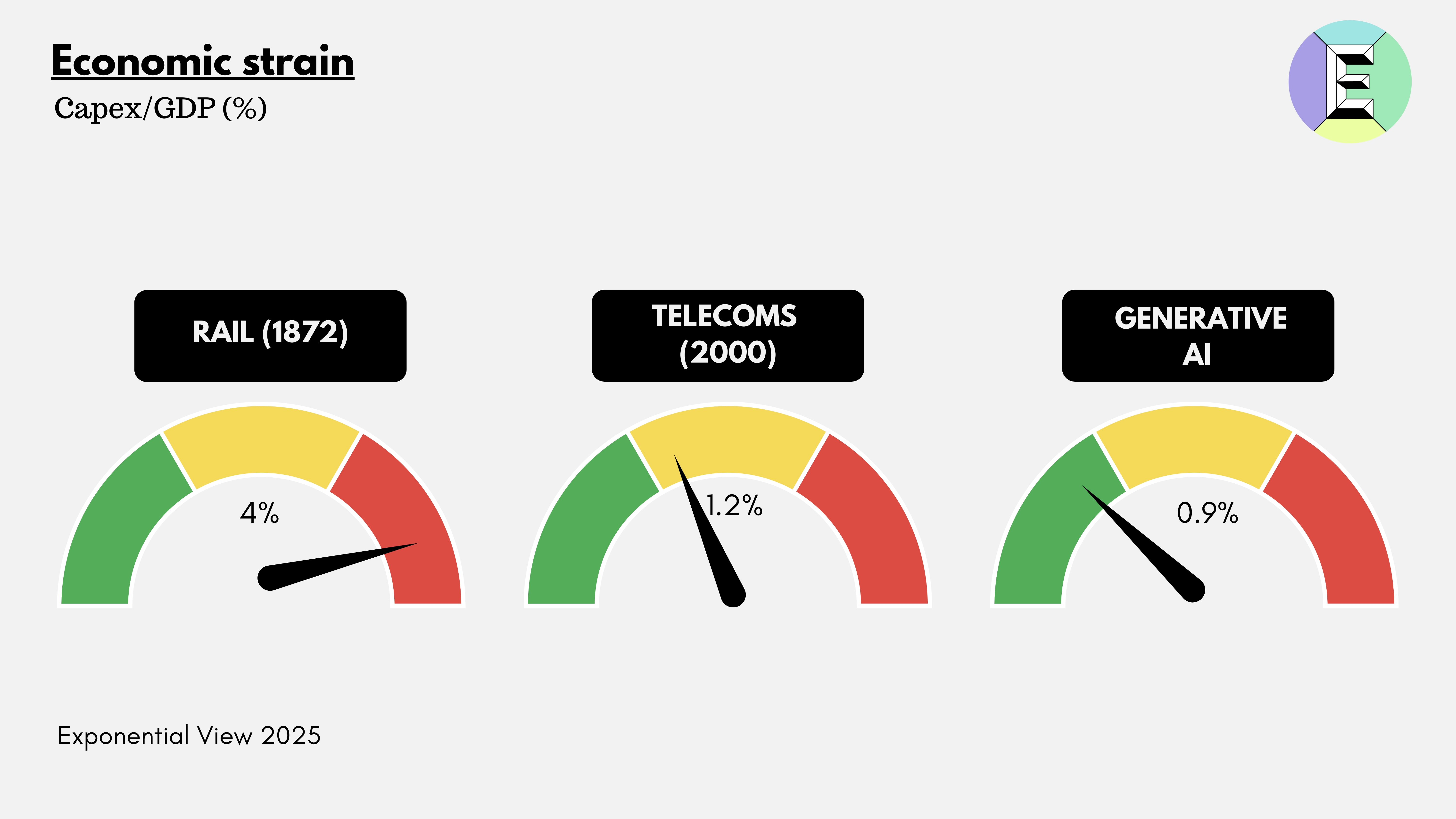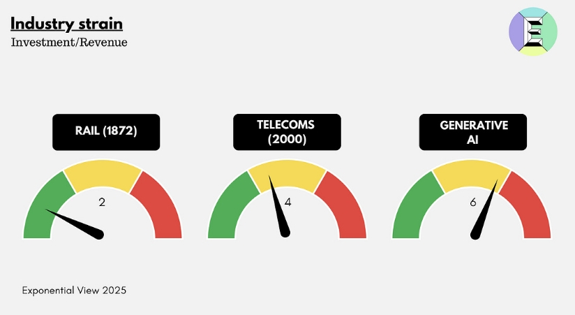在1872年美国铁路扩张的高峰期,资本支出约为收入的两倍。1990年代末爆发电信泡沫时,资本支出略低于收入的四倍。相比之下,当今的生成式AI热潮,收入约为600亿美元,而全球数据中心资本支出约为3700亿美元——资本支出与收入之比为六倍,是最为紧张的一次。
==
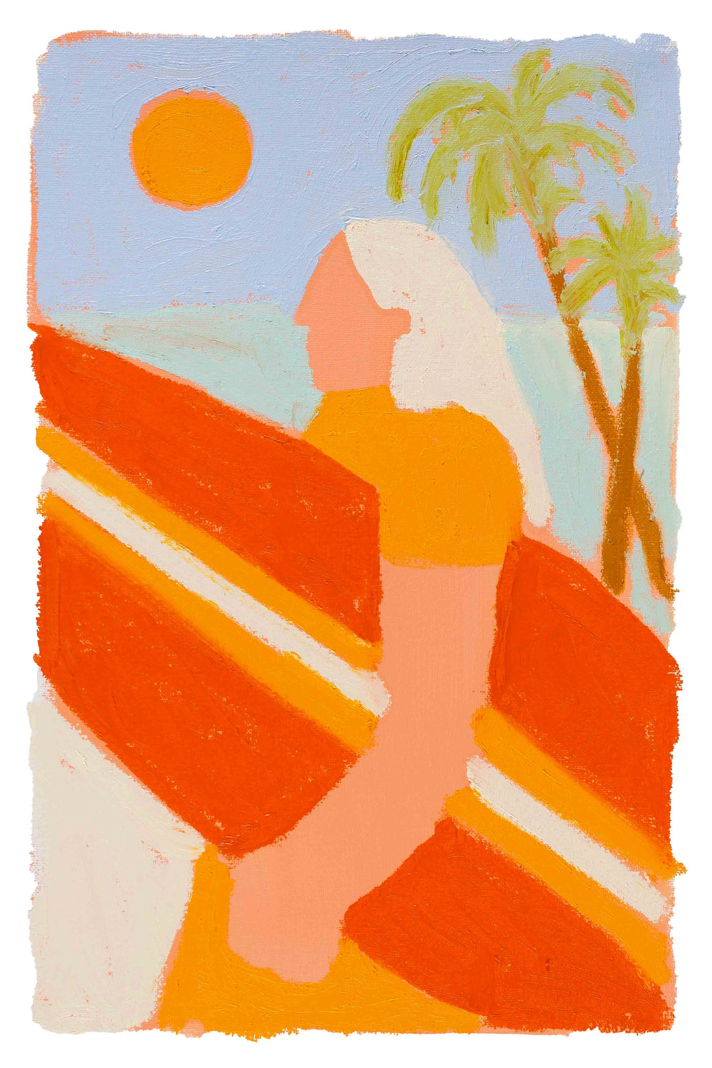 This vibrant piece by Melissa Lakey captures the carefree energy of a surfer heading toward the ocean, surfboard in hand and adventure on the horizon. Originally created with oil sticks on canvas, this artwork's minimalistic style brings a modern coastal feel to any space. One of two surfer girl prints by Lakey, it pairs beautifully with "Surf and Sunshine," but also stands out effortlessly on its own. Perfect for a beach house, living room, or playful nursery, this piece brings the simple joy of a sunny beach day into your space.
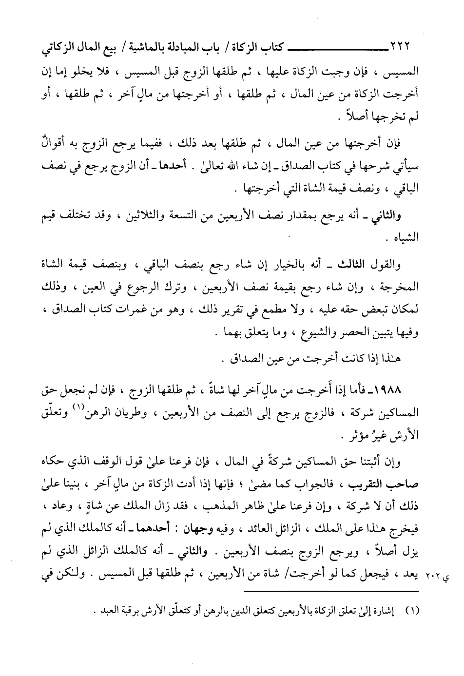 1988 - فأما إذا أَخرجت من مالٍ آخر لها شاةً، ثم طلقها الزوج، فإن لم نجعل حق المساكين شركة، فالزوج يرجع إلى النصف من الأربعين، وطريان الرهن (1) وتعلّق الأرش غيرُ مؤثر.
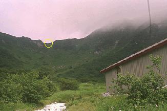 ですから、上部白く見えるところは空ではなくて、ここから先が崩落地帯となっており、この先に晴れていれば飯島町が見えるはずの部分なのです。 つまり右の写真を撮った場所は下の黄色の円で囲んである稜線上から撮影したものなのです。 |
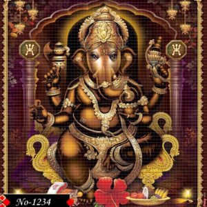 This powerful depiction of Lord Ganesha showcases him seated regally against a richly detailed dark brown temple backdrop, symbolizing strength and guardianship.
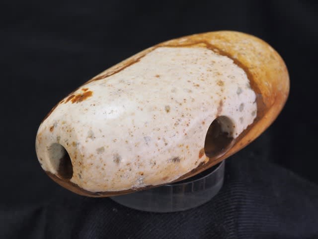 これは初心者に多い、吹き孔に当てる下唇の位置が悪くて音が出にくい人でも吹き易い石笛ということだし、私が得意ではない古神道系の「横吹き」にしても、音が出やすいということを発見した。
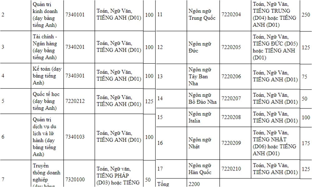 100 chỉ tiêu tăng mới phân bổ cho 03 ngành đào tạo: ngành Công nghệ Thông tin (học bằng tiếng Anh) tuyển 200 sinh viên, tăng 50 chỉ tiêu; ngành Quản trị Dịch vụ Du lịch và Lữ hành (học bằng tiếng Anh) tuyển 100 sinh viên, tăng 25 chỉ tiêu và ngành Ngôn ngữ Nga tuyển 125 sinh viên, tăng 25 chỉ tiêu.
---
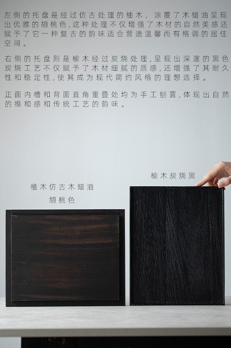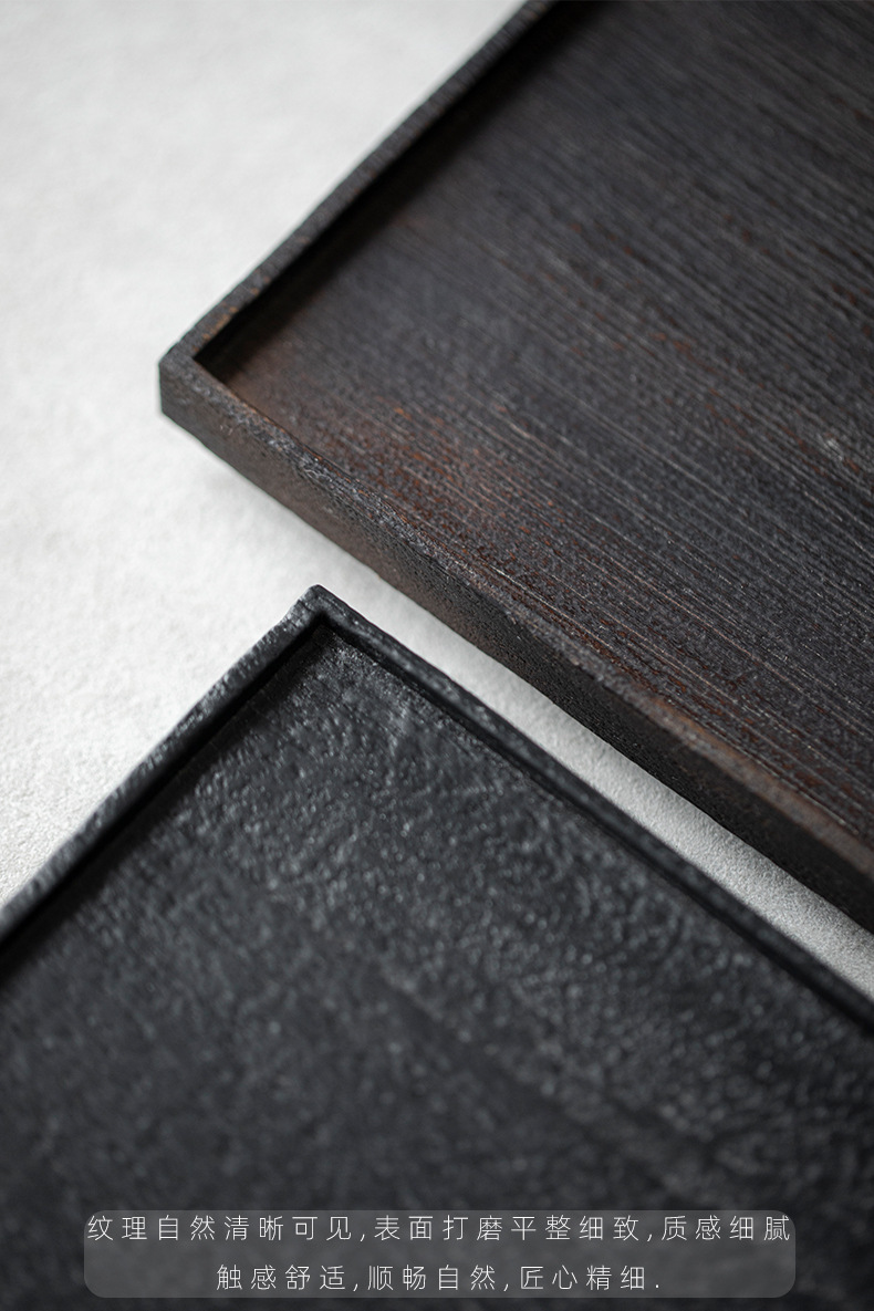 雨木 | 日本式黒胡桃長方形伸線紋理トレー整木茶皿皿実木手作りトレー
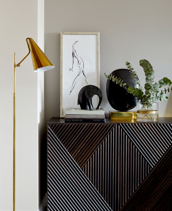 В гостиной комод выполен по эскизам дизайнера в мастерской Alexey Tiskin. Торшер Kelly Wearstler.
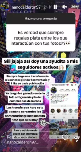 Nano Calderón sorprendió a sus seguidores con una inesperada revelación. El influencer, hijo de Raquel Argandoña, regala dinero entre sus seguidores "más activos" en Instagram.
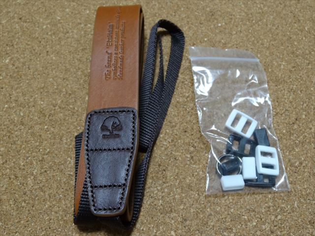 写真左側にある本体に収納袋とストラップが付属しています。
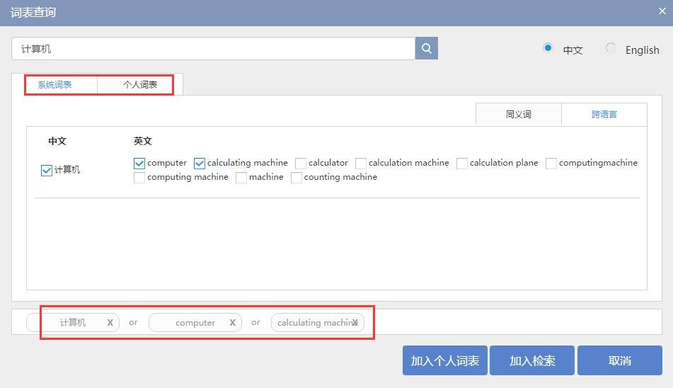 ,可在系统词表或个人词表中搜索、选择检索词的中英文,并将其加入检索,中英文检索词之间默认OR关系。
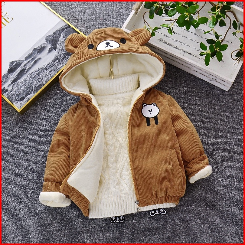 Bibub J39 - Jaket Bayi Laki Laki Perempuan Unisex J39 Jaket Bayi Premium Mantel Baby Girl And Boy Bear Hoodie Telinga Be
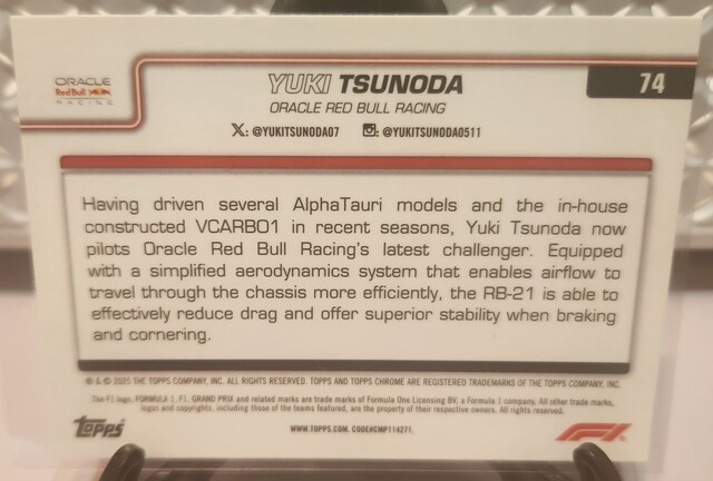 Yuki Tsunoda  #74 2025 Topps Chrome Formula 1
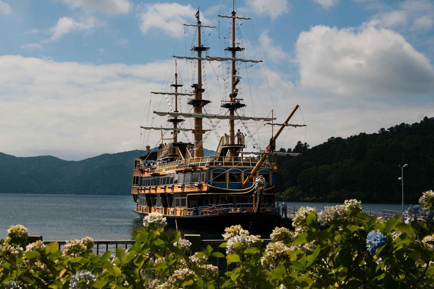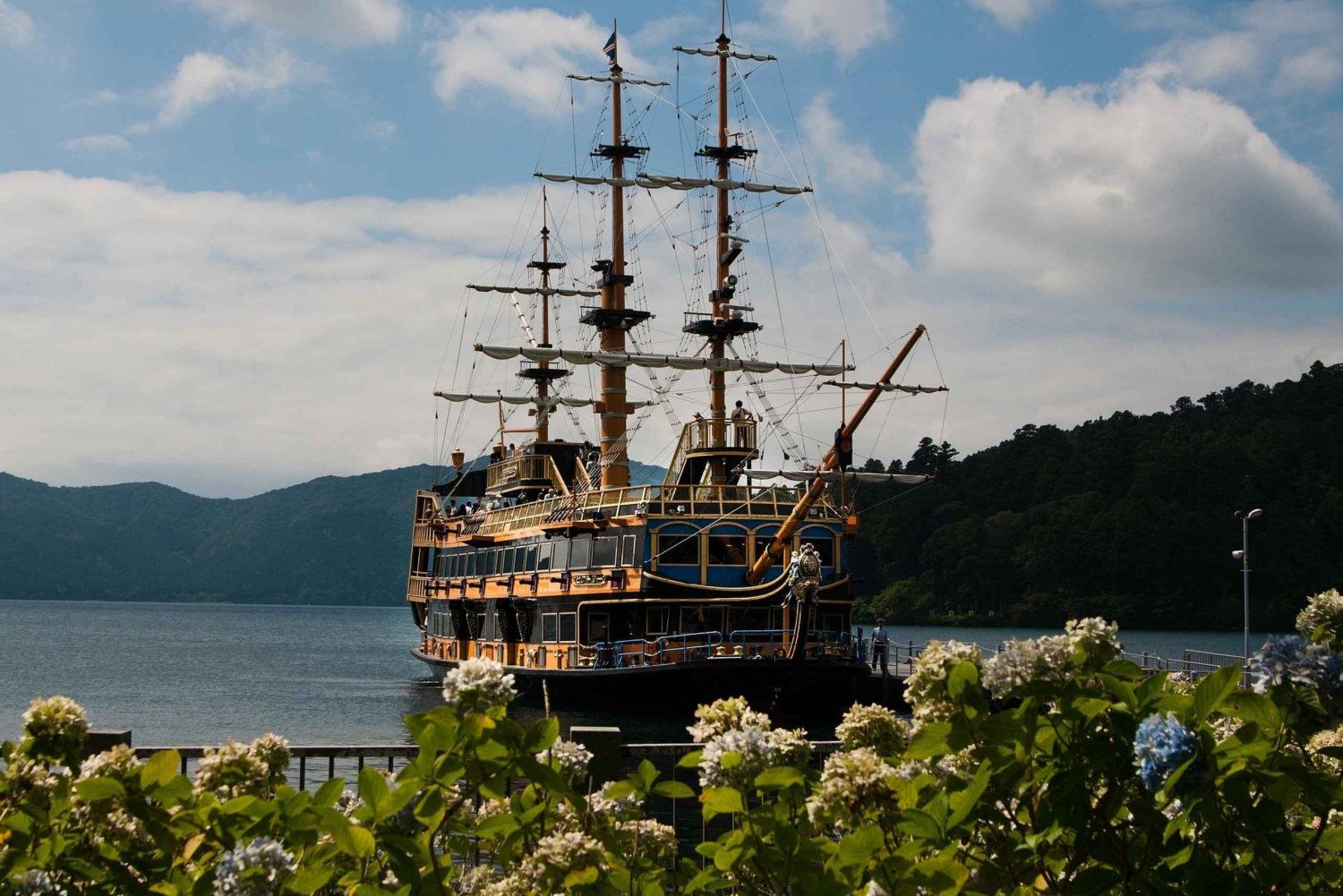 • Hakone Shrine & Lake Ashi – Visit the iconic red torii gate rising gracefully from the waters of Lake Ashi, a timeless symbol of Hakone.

_Exercise brief_. Above is the material; set down exactly its lines from the one containing "雨木 | 日本式黒胡桃長方形伸線紋理トレー整木茶皿皿実木手作りトレー" down to the one containing "Chrome Formula 1", both included, leaving out any pictures.

_Written answer_.
 雨木 | 日本式黒胡桃長方形伸線紋理トレー整木茶皿皿実木手作りトレー
 В гостиной комод выполен по эскизам дизайнера в мастерской Alexey Tiskin. Торшер Kelly Wearstler.
 Nano Calderón sorprendió a sus seguidores con una inesperada revelación. El influencer, hijo de Raquel Argandoña, regala dinero entre sus seguidores "más activos" en Instagram.
 写真左側にある本体に収納袋とストラップが付属しています。
 ,可在系统词表或个人词表中搜索、选择检索词的中英文,并将其加入检索,中英文检索词之间默认OR关系。
 Bibub J39 - Jaket Bayi Laki Laki Perempuan Unisex J39 Jaket Bayi Premium Mantel Baby Girl And Boy Bear Hoodie Telinga Be
 Yuki Tsunoda  #74 2025 Topps Chrome Formula 1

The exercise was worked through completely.